▶ _Work required_: Print the data that follows word for word, leaving out any picture.

▶ _Data records_:
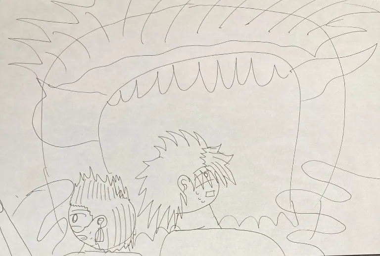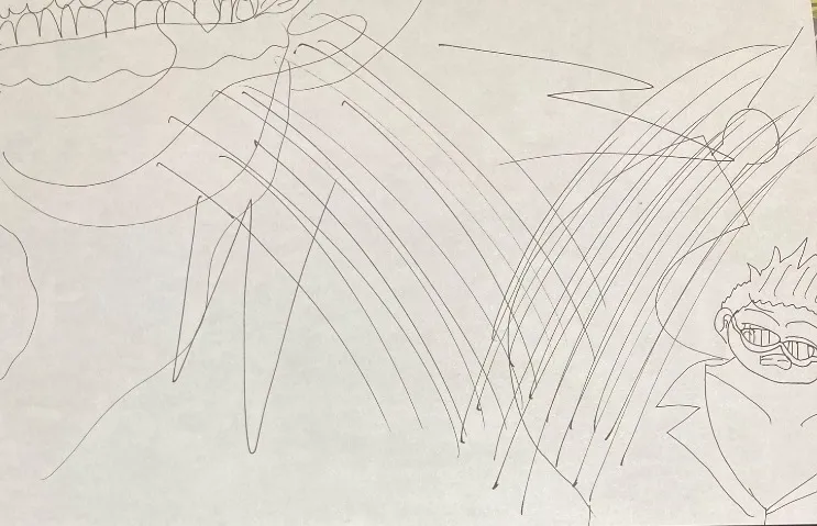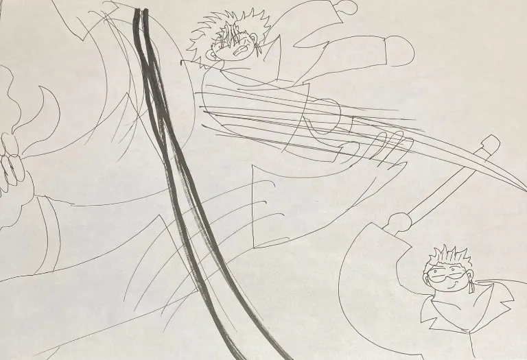 半間は疱瘡神の両腕を切断する
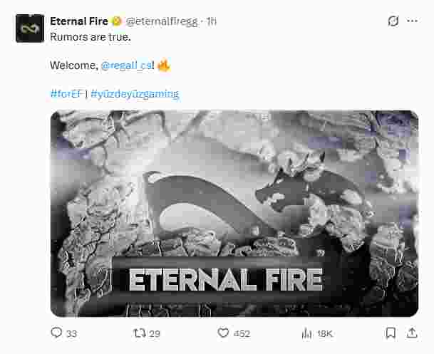 Eternal Fire在俱乐部官方X账号正式宣布签下regali。这位罗马尼亚籍狙击手在离开FlyQuest后重返赛场。
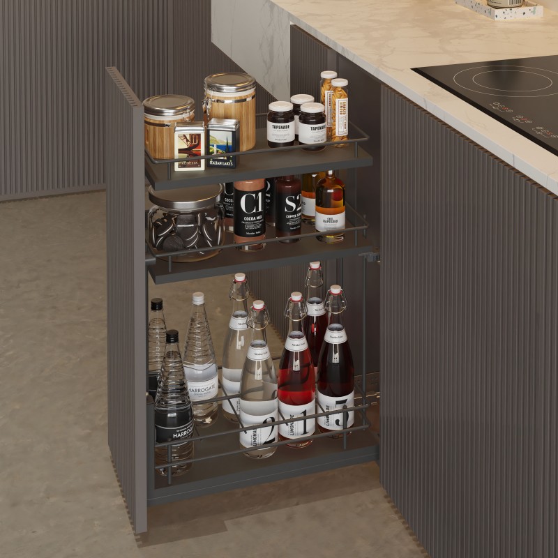 Módulo extraíble botellero gama Compact antracita para mueble de cocina para almacenaje de botellas, botes, espécias y pequeños recipientes.
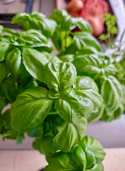 Bei uns weithin als Basilikum bekannt, trägt die beliebte Gewürzpflanze zahlreiche Namen: Egal, ob Basilie, Basilienkraut oder Königskraut genannt, gerade im Sommer darf der Aroma-Star unter den Kräutern in Garten und Küche nicht fehlen. Es gibt viele verschiedene Basilikum-Sorten. Eine, die besonders gut gedeiht, ist das Basilikum Genovese. Es besticht durch seine glänzend-dunkelgrüne Farbe, große, gewellte Blätter und seinen intensiv würzigen Geschmack.
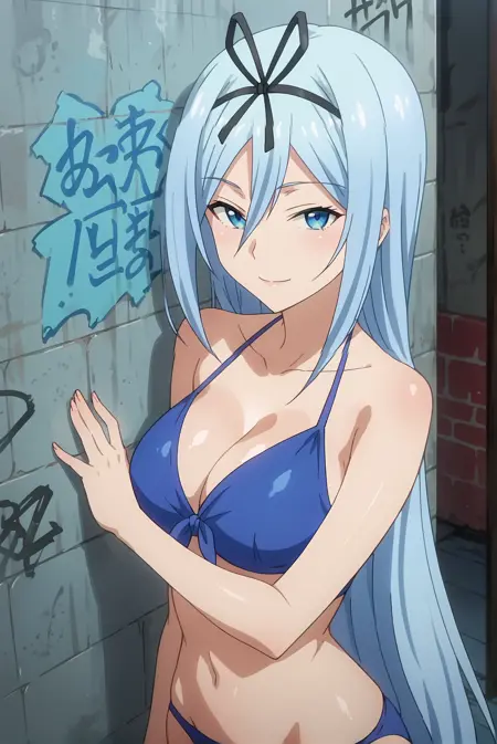 기본: krulci-ei, 1girl, 파란 머리카락, 긴 머리카락, 파란 눈, 리본, 헤어 리본
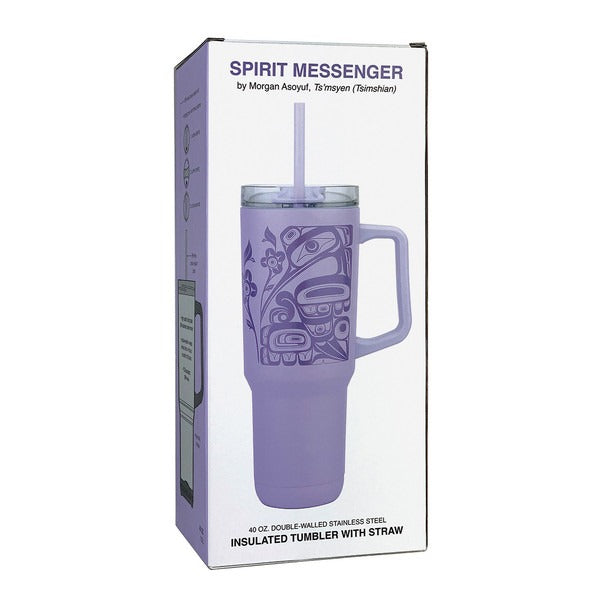 Experience the perfect blend of function and artistry with the 40oz Insulated Tumbler featuring the Spirit Messenger design by Tsimshian artist Morgan Asoyuf. Built with premium 304 stainless steel and a double-wall design, this tumbler keeps drinks hot or cold for hours. The ergonomic handle and reusable straw make it ideal for everyday hydration, while BPA-free, FDA-compliant materials ensure safety. Packaged in a vibrant gift box, it’s a stylish choice for gifting or personal use. Available now at Seahorse Trading Company in Prince Rupert—choose pick up in store for shoppers in Terrace, Haida Gwaii, and North Coast communities.
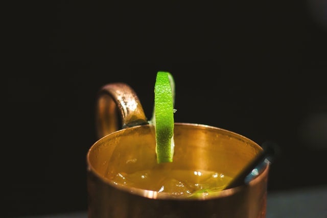 一般的な作り方をしたモスコミュールの場合、10〜15%ほどの度数におさまることが多いようです。ベースのウォッカの平均度数が40%なので、だいぶ飲みやすい度数になっていると言えますね。そのうえ、ライムを絞れば爽やかさが増しますので、たとえ度数が15%のモスコミュールだとしても、美味しく飲めてしまうでしょう。
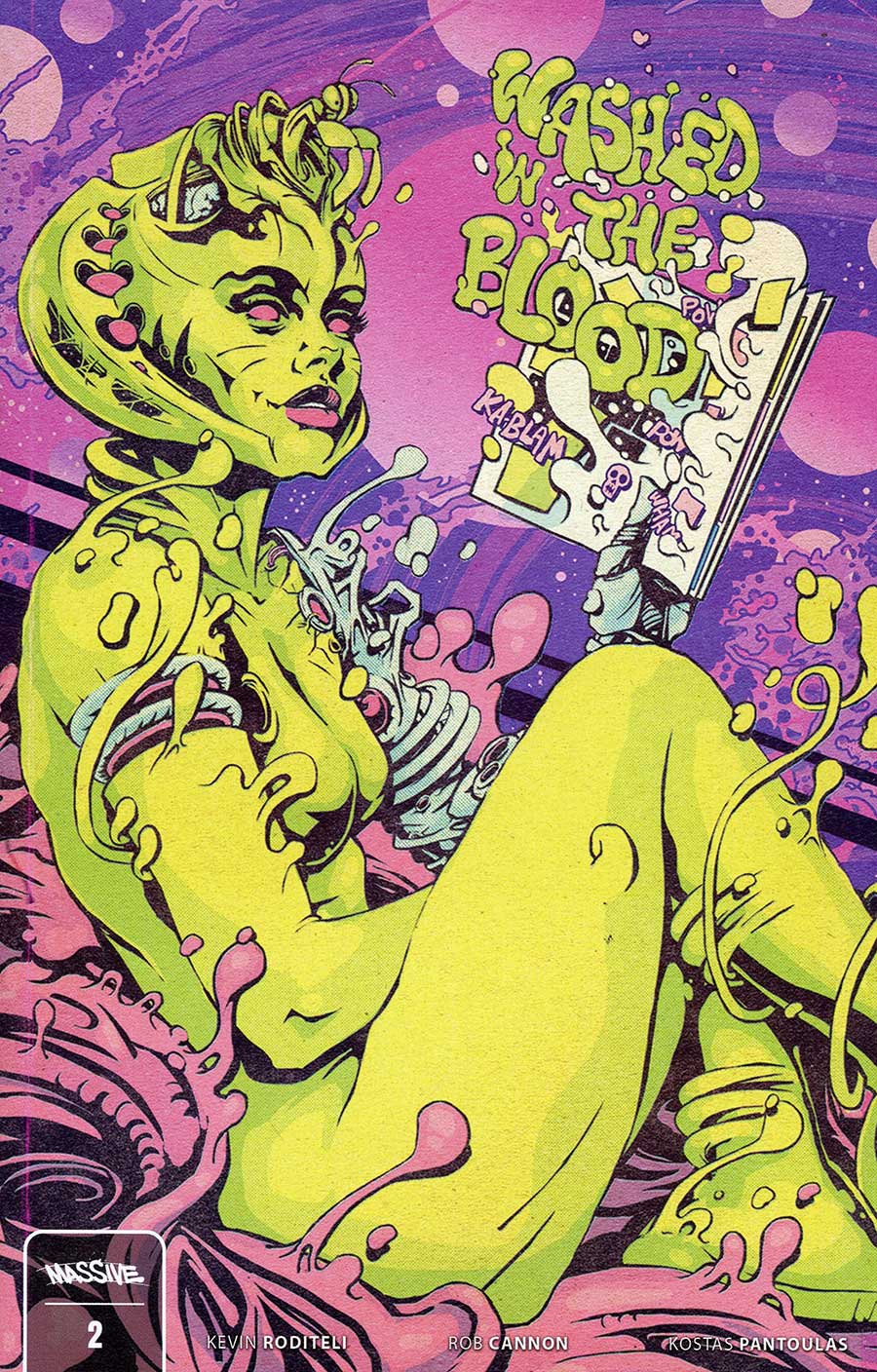 "Washed In The Blood takes you on a trippy thrill ride through visceral illustrations and an intensely cold, savage, post-apocalyptic tale."

▶ _Response to this exercise_:
 半間は疱瘡神の両腕を切断する
 Eternal Fire在俱乐部官方X账号正式宣布签下regali。这位罗马尼亚籍狙击手在离开FlyQuest后重返赛场。
 Módulo extraíble botellero gama Compact antracita para mueble de cocina para almacenaje de botellas, botes, espécias y pequeños recipientes.
 Bei uns weithin als Basilikum bekannt, trägt die beliebte Gewürzpflanze zahlreiche Namen: Egal, ob Basilie, Basilienkraut oder Königskraut genannt, gerade im Sommer darf der Aroma-Star unter den Kräutern in Garten und Küche nicht fehlen. Es gibt viele verschiedene Basilikum-Sorten. Eine, die besonders gut gedeiht, ist das Basilikum Genovese. Es besticht durch seine glänzend-dunkelgrüne Farbe, große, gewellte Blätter und seinen intensiv würzigen Geschmack.
 기본: krulci-ei, 1girl, 파란 머리카락, 긴 머리카락, 파란 눈, 리본, 헤어 리본
 Experience the perfect blend of function and artistry with the 40oz Insulated Tumbler featuring the Spirit Messenger design by Tsimshian artist Morgan Asoyuf. Built with premium 304 stainless steel and a double-wall design, this tumbler keeps drinks hot or cold for hours. The ergonomic handle and reusable straw make it ideal for everyday hydration, while BPA-free, FDA-compliant materials ensure safety. Packaged in a vibrant gift box, it’s a stylish choice for gifting or personal use. Available now at Seahorse Trading Company in Prince Rupert—choose pick up in store for shoppers in Terrace, Haida Gwaii, and North Coast communities.
 一般的な作り方をしたモスコミュールの場合、10〜15%ほどの度数におさまることが多いようです。ベースのウォッカの平均度数が40%なので、だいぶ飲みやすい度数になっていると言えますね。そのうえ、ライムを絞れば爽やかさが増しますので、たとえ度数が15%のモスコミュールだとしても、美味しく飲めてしまうでしょう。
 "Washed In The Blood takes you on a trippy thrill ride through visceral illustrations and an intensely cold, savage, post-apocalyptic tale."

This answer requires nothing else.